== What is expected ==
Take the line with "拥有载客汽车84.00万辆,比上年增长0" and every line after it in the entries below, and set them down exactly, without any pictures.

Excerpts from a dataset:
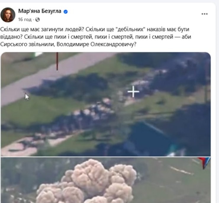 "Сколько еще должно погибнуть людей? Сколько еще "дебильных" приказов должно быть отдано? Сколько еще спеси и смертей, спеси и смертей, спеси и смертей — чтобы Сырского уволили, Владимир Александрович?" — написала она.
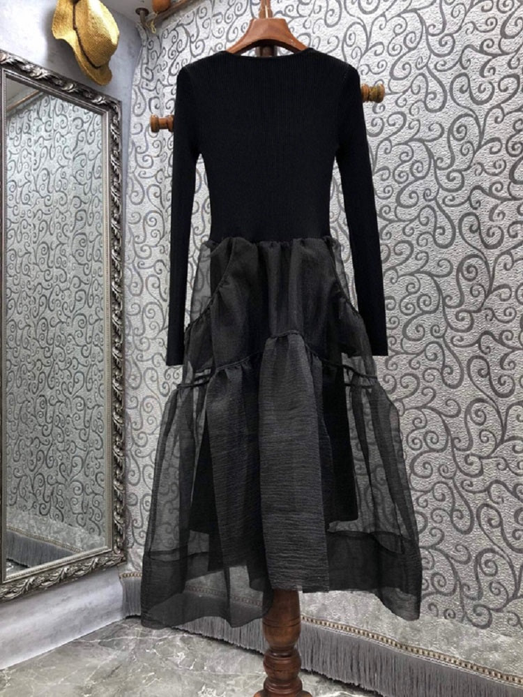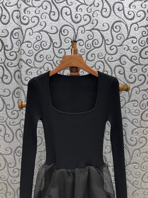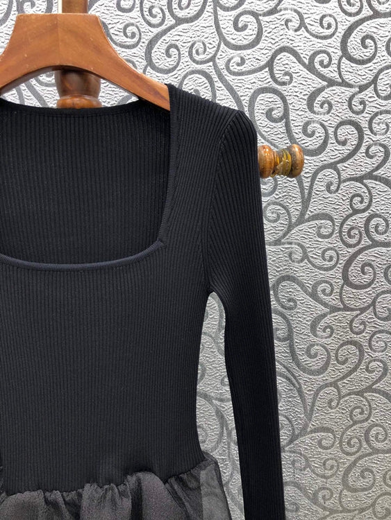 One Piece Dress Spring Autumn Knitted Dress High Quality Women Sexy Square Collar Sexy Tulle Mesh Deco Long Sleeve Dress
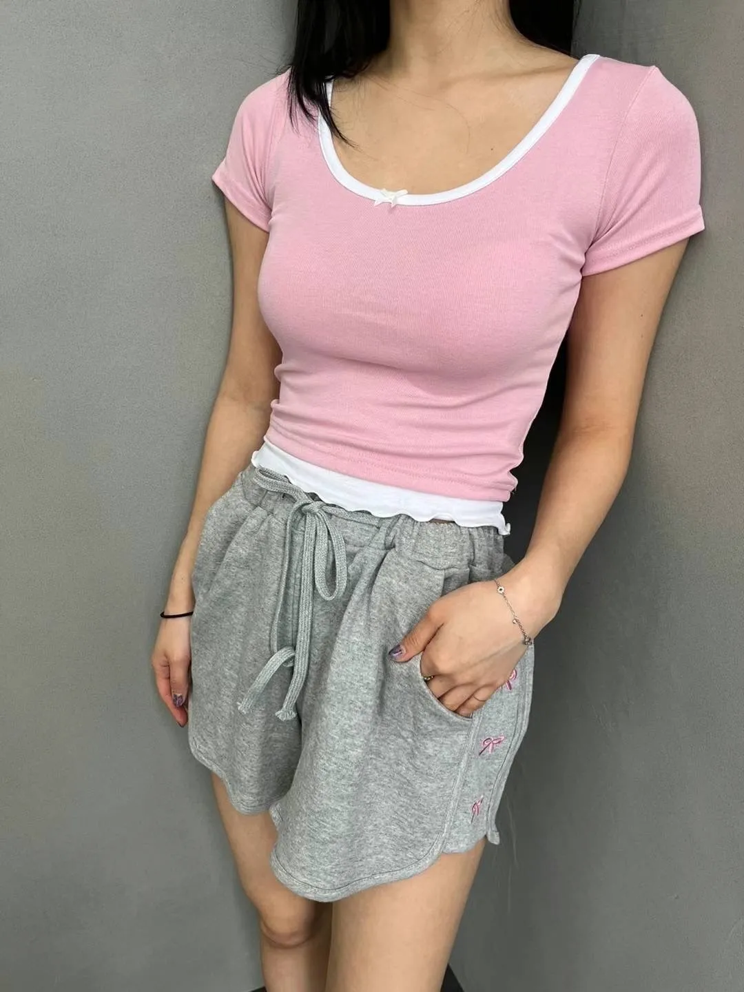 棉,全腰鬆緊有抽繩 側面刺繡蝴蝶結 有口袋
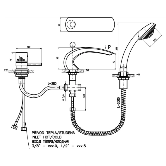 Смеситель на борт ванны термостатический Rav Slezak Dunaj DT272.5SZ
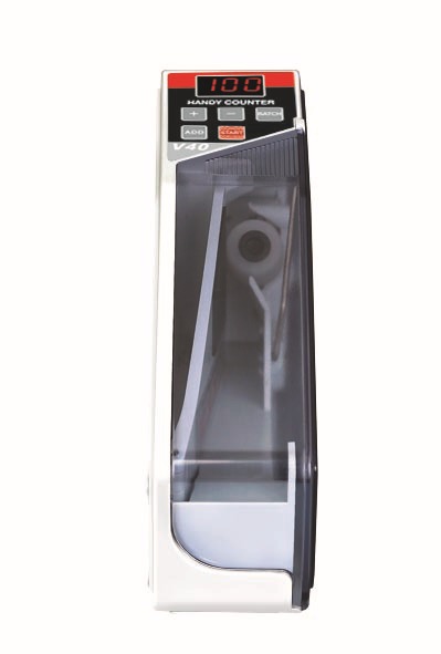 产品概述: V40是V30的升级版,是在V30的原有功能上增加的预置点数的功能,并且外观更精致、线条更流畅。该产品是根据人民币、美元等多国纸币的纸质特点设计而成的。具有点数快而准的特点。是当今国际市场上一款可以用电池进行操作的点钞机,只要装入四个5号电池就可随身携带《配备精致皮套》。
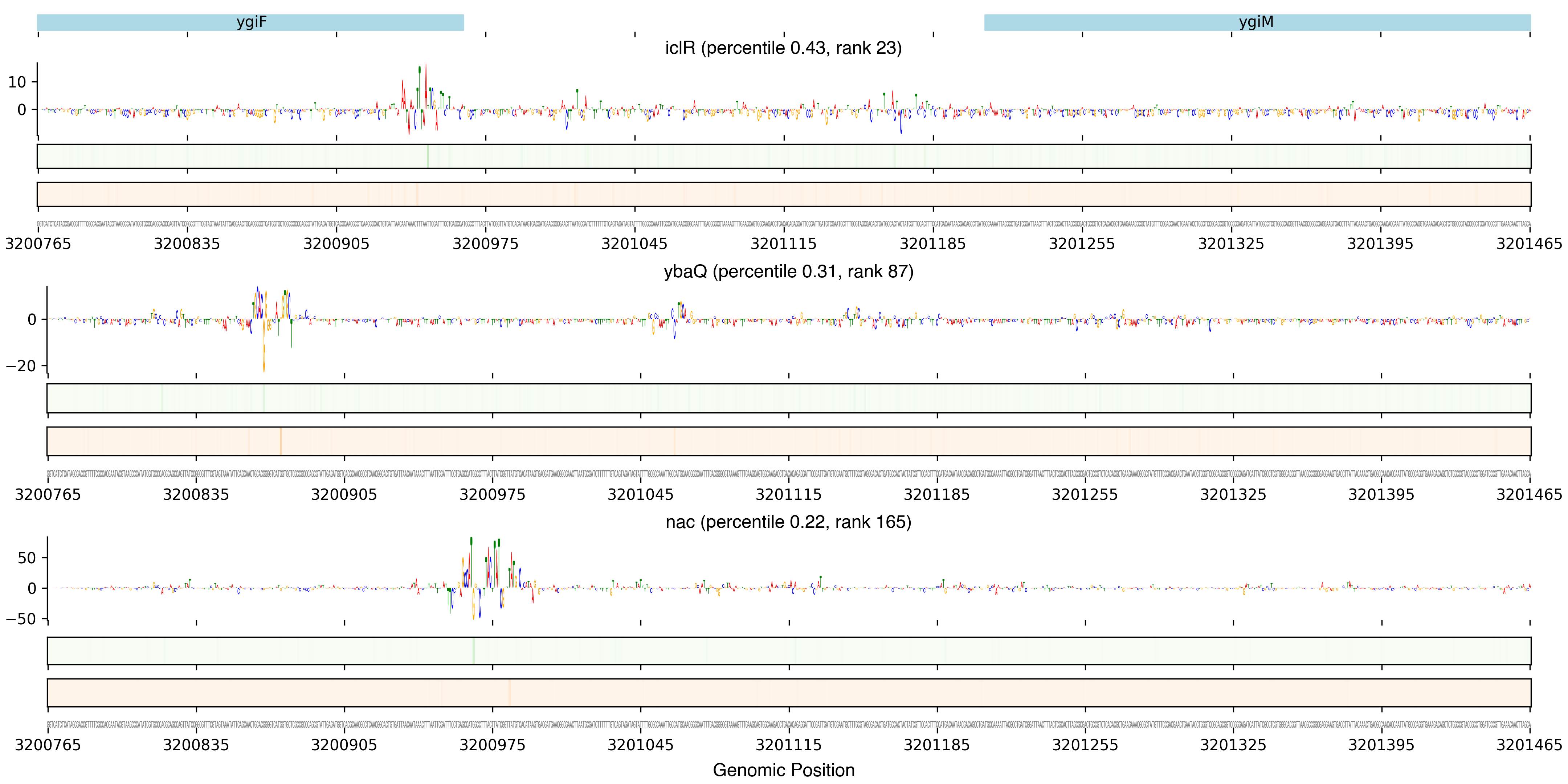 Top row shows gene annotations. Each set of panels beneath the annotation row shows the predictions for one TF. The sequence logo shows the contribution of the base at each position to the overall binding affinity, with bases above the horizontal axis contributing positive binding affinity and bases below contributing negative binding affinity. The heatmaps below the sequence logos show the exponentiated binding score at each position (the exponentiated score of the weight matrix and bias at that position). The top heatmap in green shows hits on the positive strand, and the bottom heatmap in red shows hits on the negative strand.
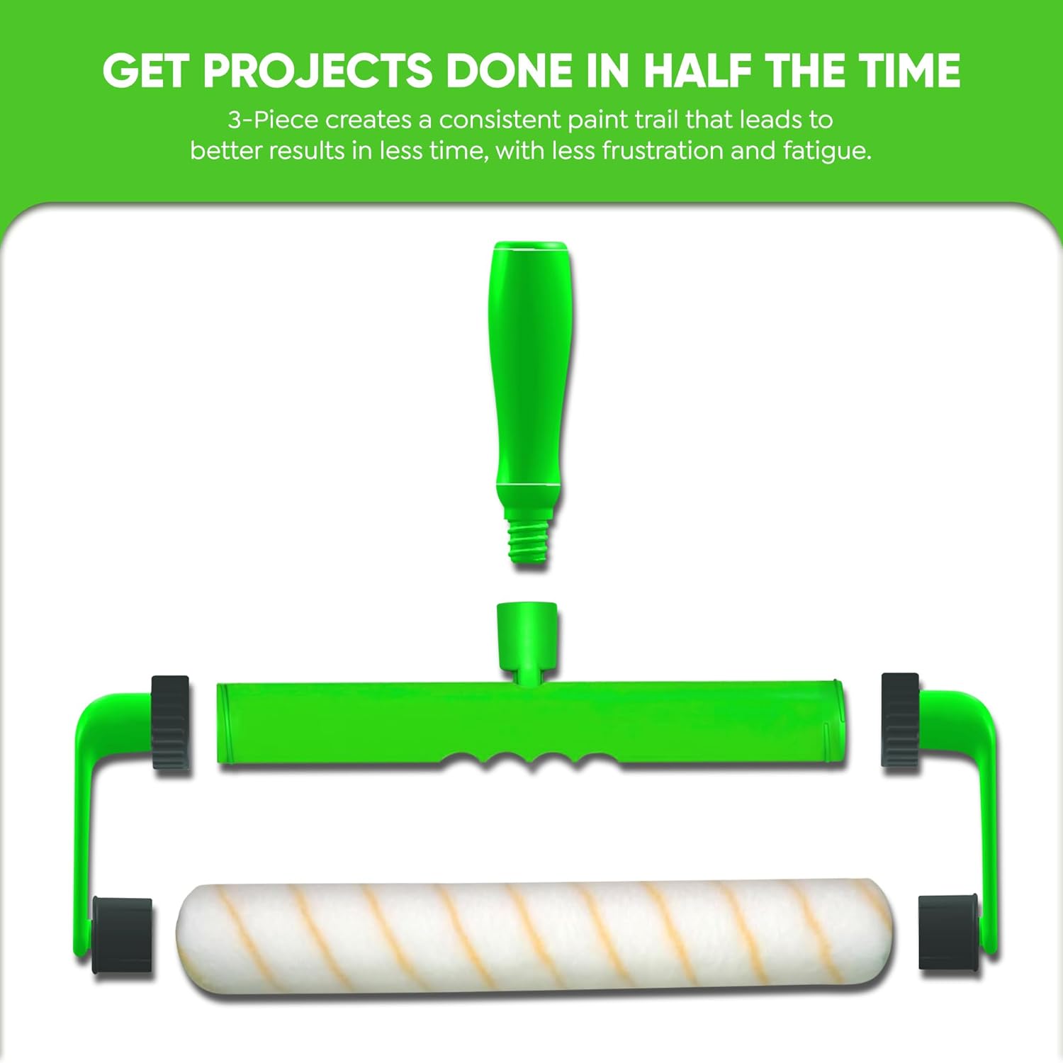 - GET PROJECTS DONE IN ½ THE TIME: 3-piece paint roller frame attaches on both sides of the roller cover, allowing painters to apply equal pressure. This creates a consistent paint trail that leads to better results in less time, with less frustration and fatigue. Great for professionals and DIYers!
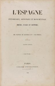 1848. (ESPAÑA). CUENDIAS, MANUEL DE: L´ESPAGNE PITTORESQUE, ARTISTIQUE ET MONUMENTALE. MOUERS, USAGES ET COSTUMES. Paris: Libr. Ethnographique, 1848. 4º mayor. 392 p., 2 h. Ilustr. en texto. Frontis y 50 bellas láms. grabadas, varias de ellas...
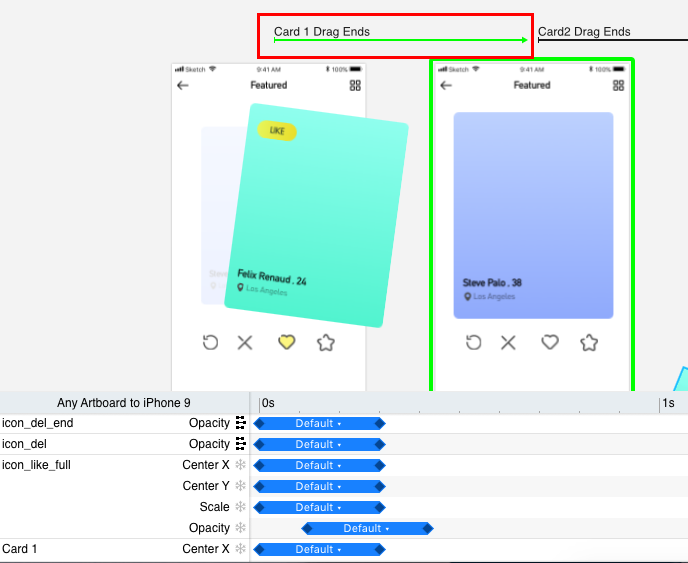 當(dāng)觸發(fā)事件發(fā)生時 (必須是兩個畫板圖層之間),Principle會自動創(chuàng)建兩個畫布之間都用的圖層之間的逐幀的補間動畫,逐幀的實現(xiàn)屬性間的變化。時間軸面板可以調(diào)節(jié)屬性的快慢、錯幀等。(點擊畫板上方的箭頭可以調(diào)出動畫面板)
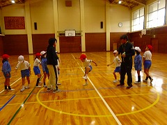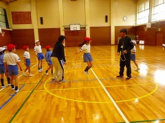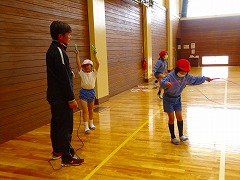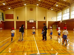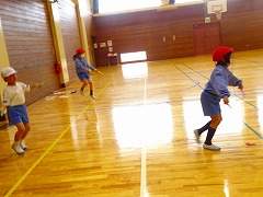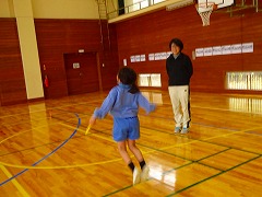 ↑ 1,2年生体育 8の字跳びをリズミカルに跳んでいます。みんなで大きな声で数えて、大いに盛り上がっていました。
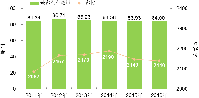 拥有载客汽车84.00万辆,比上年增长0.1%,2140.26万客位,减少0.4%。其中大型客车30.57万辆,增长0.2%,1332.57万客位,增长0.6%。
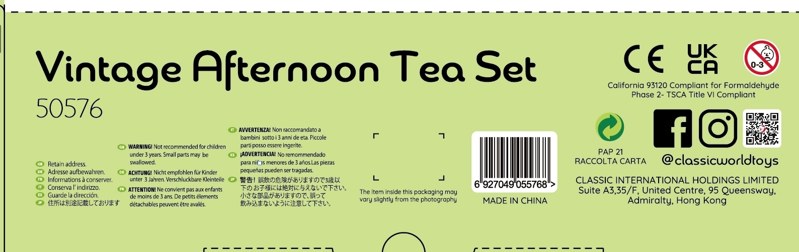Mīlīgais koka tējas komplekts no zīmola CLASSIC WORLD iepriecinās ikvienu mazo saimnieku. Tas ietver visu stilīgai tējas ballītei – no kanniņas un tasītēm līdz paplātēm ar rakstu. Pateicoties izturīgai koka konstrukcijai, pasteļtoņu krāsām un drošam izpildījumam bez asām malām, tas ir ideāli piemērots bērniem no 3 gadu vecuma. Veicina iztēli, lomu spēles un sīko motoriku.
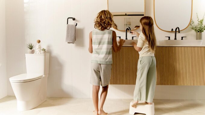 Easily keep the bathroom sink clean with the Aspirations 8" Widespread Pull-Down Swivel Bathroom Faucet with dual spray from American Standard. Smooth pull-down functionality extends to reach every corner of the sink to quickly rinse away toothpaste and grime. Swivel motion allows for complete clearance and access to the sink. Seamlessly switch between powerful stream & gentle spray functions for a more efficient bathroom routine. These simple yet modern updates allow you to spend less time cleaning the busiest parts of your home.

== Answer ==
 拥有载客汽车84.00万辆,比上年增长0.1%,2140.26万客位,减少0.4%。其中大型客车30.57万辆,增长0.2%,1332.57万客位,增长0.6%。
Mīlīgais koka tējas komplekts no zīmola CLASSIC WORLD iepriecinās ikvienu mazo saimnieku. Tas ietver visu stilīgai tējas ballītei – no kanniņas un tasītēm līdz paplātēm ar rakstu. Pateicoties izturīgai koka konstrukcijai, pasteļtoņu krāsām un drošam izpildījumam bez asām malām, tas ir ideāli piemērots bērniem no 3 gadu vecuma. Veicina iztēli, lomu spēles un sīko motoriku.
 Easily keep the bathroom sink clean with the Aspirations 8" Widespread Pull-Down Swivel Bathroom Faucet with dual spray from American Standard. Smooth pull-down functionality extends to reach every corner of the sink to quickly rinse away toothpaste and grime. Swivel motion allows for complete clearance and access to the sink. Seamlessly switch between powerful stream & gentle spray functions for a more efficient bathroom routine. These simple yet modern updates allow you to spend less time cleaning the busiest parts of your home.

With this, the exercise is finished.